One technique for increasing scalability in database systems is to allow multiple nodes to access and modify a single database. A multiple-node system may comprise a single computer with multiple processors, or multiple computers interconnected via a local area network, or a combination thereof. In a multiple-node system, a lock manager may include processes that are distributed over numerous nodes.
One or more database servers may run on the multiple nodes. A database server may include one or more processes. Database servers use and share resources (“shared resources”) while executing transactions. Examples of shared resources include data blocks, tables, and rows. A page is copy of data block loaded into a cache.
Even though resources may be shared between database servers, many resources may not be accessed in certain ways by more than one process at any given time. For example, resources such as data blocks of storage mediums may be concurrently accessed in some ways (e.g. read) by multiple processes, but accessed in other ways (e.g. written to) by only one process at a time. Consequently, mechanisms have been developed which control access to resources.
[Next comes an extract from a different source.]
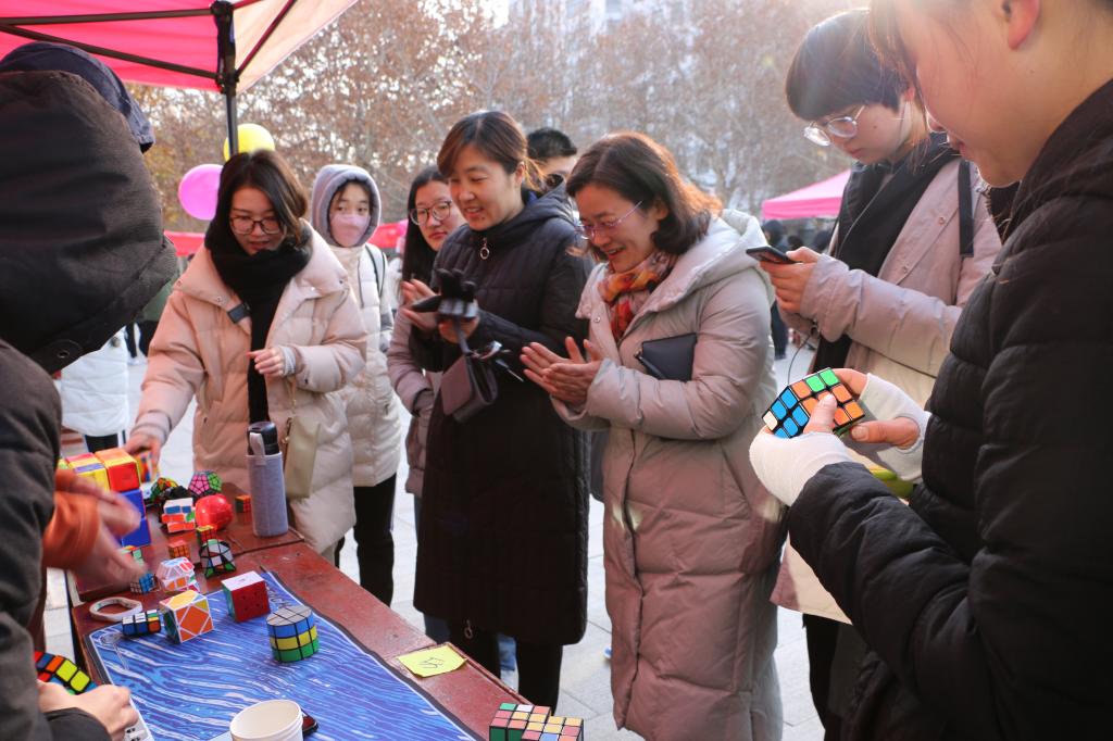剪纸协会用“一把剪刀一页红纸一双手”刻画了一件件精致且极具灵魂魅力的艺术品;魔方爱好者协会的现场魔方技巧演示和拼图效果使人慨叹其奇;航拍协会通过带领同学们观看航拍学校景象的视频和现场操作无人机的方式尽显航拍之美;桌游爱好者协会那撩动心弦的紧张刺激,吸引了每一位参观同学们的踊跃参与。不单是视觉的冲击,由大学生艺术团带来的歌曲表演更是引爆了全场。
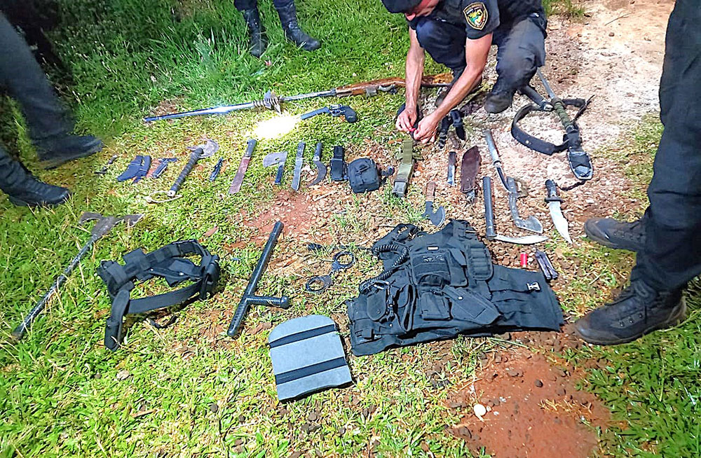 En la inspección hallaron seis hachas, dos foizas, una katana con vaina, once cuchillos de distintos tamaños, una manopla, un mazo metálico con puntas, dos armas de utilería, cartuchos calibres 36 y 28, chalecos y equipamiento táctico, una tonfa, documentación apócrifa y un porta credencial con escudo nacional.

One such mechanism is referred to as a lock. A lock represents that a particular process has been granted certain rights with respect to a resource. There are many types of locks. For example, a shared type lock may be shared on the same resource by many processes, while an exclusive type lock prevents any other type of lock from being granted on the same resource.
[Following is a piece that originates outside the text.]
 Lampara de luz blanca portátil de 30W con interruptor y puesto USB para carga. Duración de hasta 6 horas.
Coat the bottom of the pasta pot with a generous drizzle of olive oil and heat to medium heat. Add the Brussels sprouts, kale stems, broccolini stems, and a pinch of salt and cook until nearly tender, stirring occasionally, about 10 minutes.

The entity responsible for granting locks on resources is referred to as a lock manager. In a single node database system, a lock manager will typically consist of one or more processes on the node. A lock manager that includes components that reside on two or more nodes is referred to as a distributed lock manager.
FIG. 1 is a block diagram of a multiple-node computer system 100. Each node has stored therein a database server and a portion of a distributed lock management system 132. Specifically, the illustrated system includes three nodes 102, 112, and 122 on which reside database servers 104, 114, and 124, respectively, and lock managers 106, 116 and 126, respectively. Database servers 104, 114 and 124 have access to the same database 120. The database 120 resides on a disk 118 that contains multiple blocks of data. Disk 118 generally represents one or more persistent storage devices which may be on any number of machines, including but not limited to the machines that contain nodes 102, 112 and 122.
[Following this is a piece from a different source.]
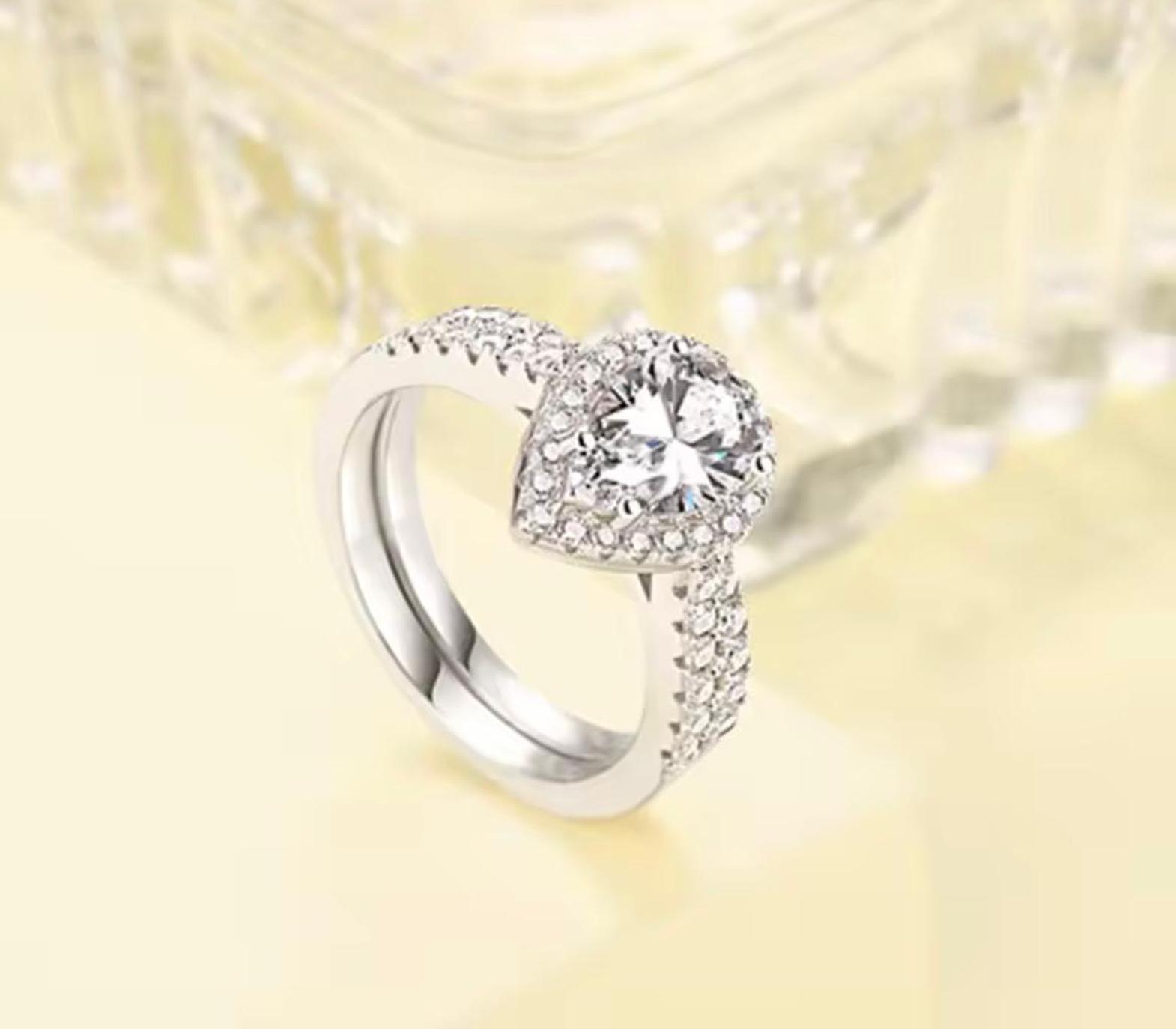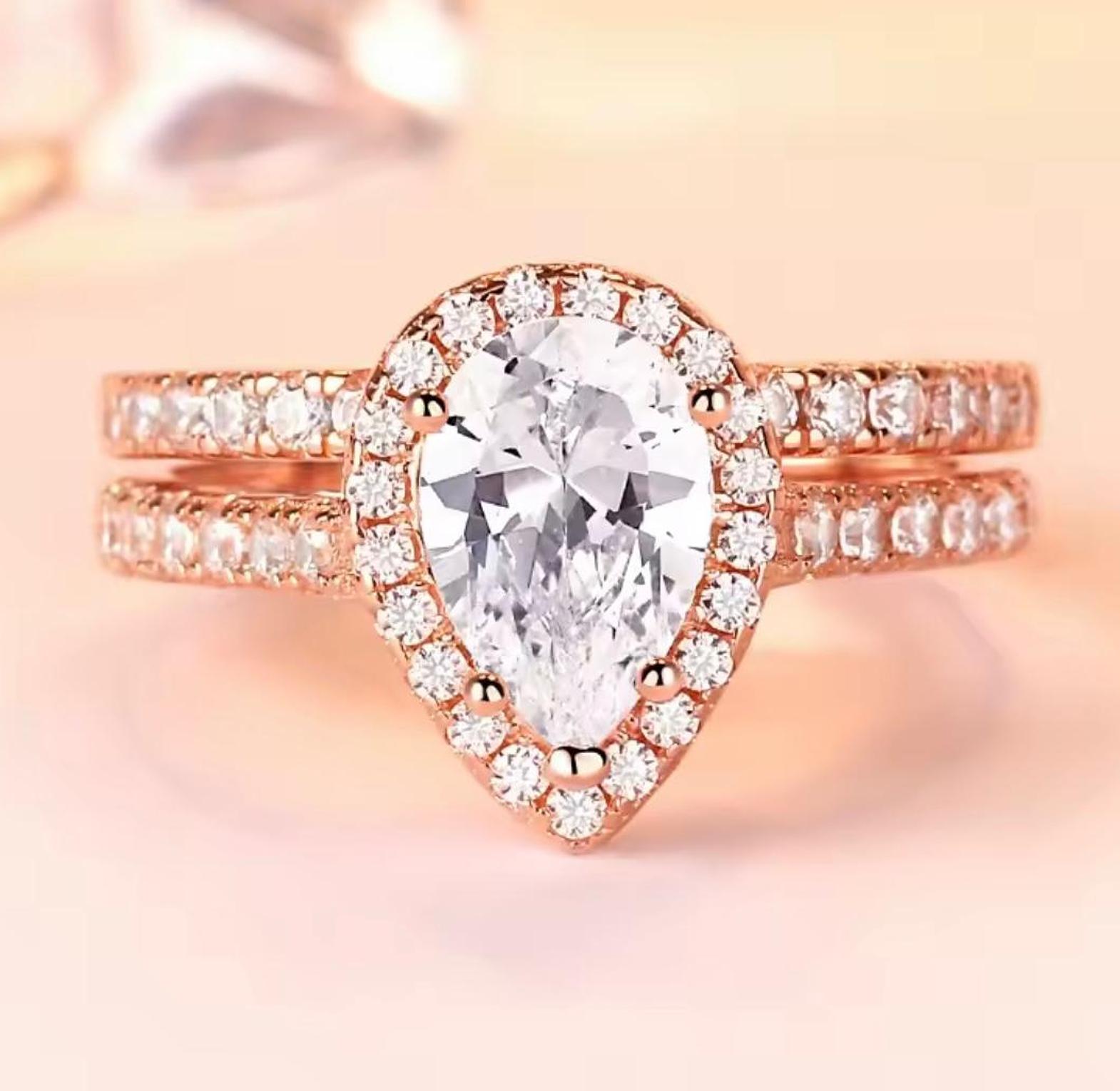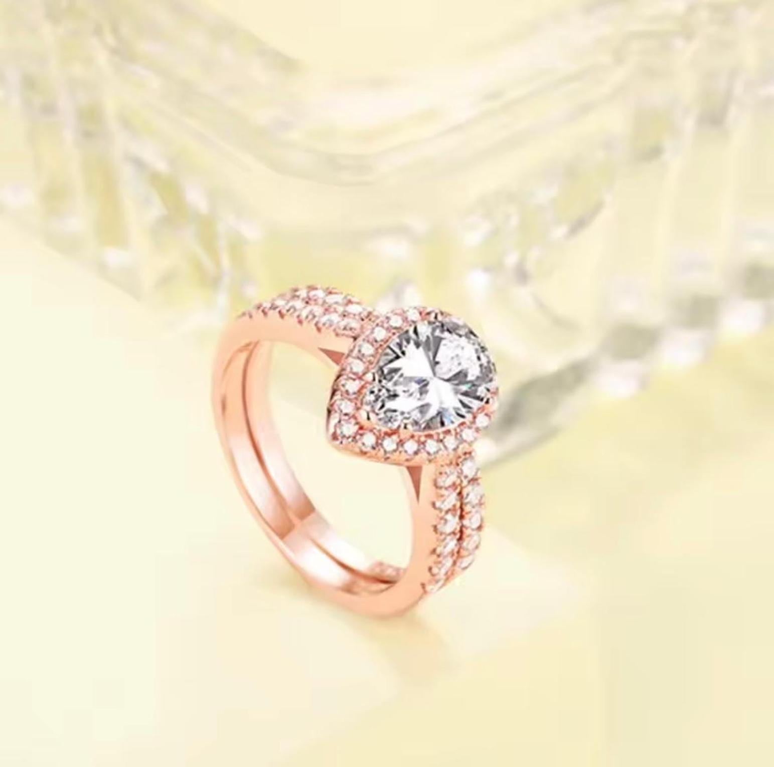This romantic two-piece bridal set features a brilliant S925 Pure Silver base, available in both a delicate rose gold plating and a classic silver color. The main ring showcases a dazzling pear-shaped cubic zirconia center stone encircled by a halo of micro-pave gems. Sizes 4-10

According to one approach to distributed lock management, distributed lock management system 132 includes one lock manager for each node that contains a database server. Each lock manager manages access to a subset of the shared resources. A lock manager is referred to as a master with respect to a resource for which the lock manager manages access. If resource R1 is managed by lock manager 106, then lock manager 106 is the master of resource R1. A lock manager is also referred to as a local lock manager with respect to the node on which the lock manager resides. Thus, lock manager 106 is a local lock manager with respect to node 102.
Before a process can access a shared resource, it must obtain the appropriate lock on the resource from distributed lock management system 132. The process issues a request for a lock on a shared resource to distributed lock management system 132. The request specifies a lock name and lock type. The lock name is data that identifies a resource, such as a data block number, a table-id or name, a row-id, or a transaction-id.
Distributed lock management system 132 must determine whether the requested lock is consistent with any lock granted for the resource, if any. If the requested lock is not consistent with the granted lock, then the requester must wait until the process holding the granted lock releases the granted lock.
A process issues a lock request for a resource to its local lock manager. If the local lock manager is not the master of the resource, the local lock manager issues a request for the lock to the master of the resource. The master determines whether the requested lock may be granted, and transmits a response to the local lock manager indicating whether the lock has been granted. The local lock manager updates data structures it maintains to indicate that the lock has been granted to the requesting process. The local lock manager then transmits a lock request response to the requesting process.
Another approach to distributed lock management uses a global lock manager. A global lock manager coordinates requests for locks issued between local lock managers by creating global locks on shared resources. The global locks are granted in tandem with locks granted by local lock managers for shared resources. The global lock manager and local lock managers work together to ensure that a global lock is consistent with the locks granted by the local lock manager, and vice versa.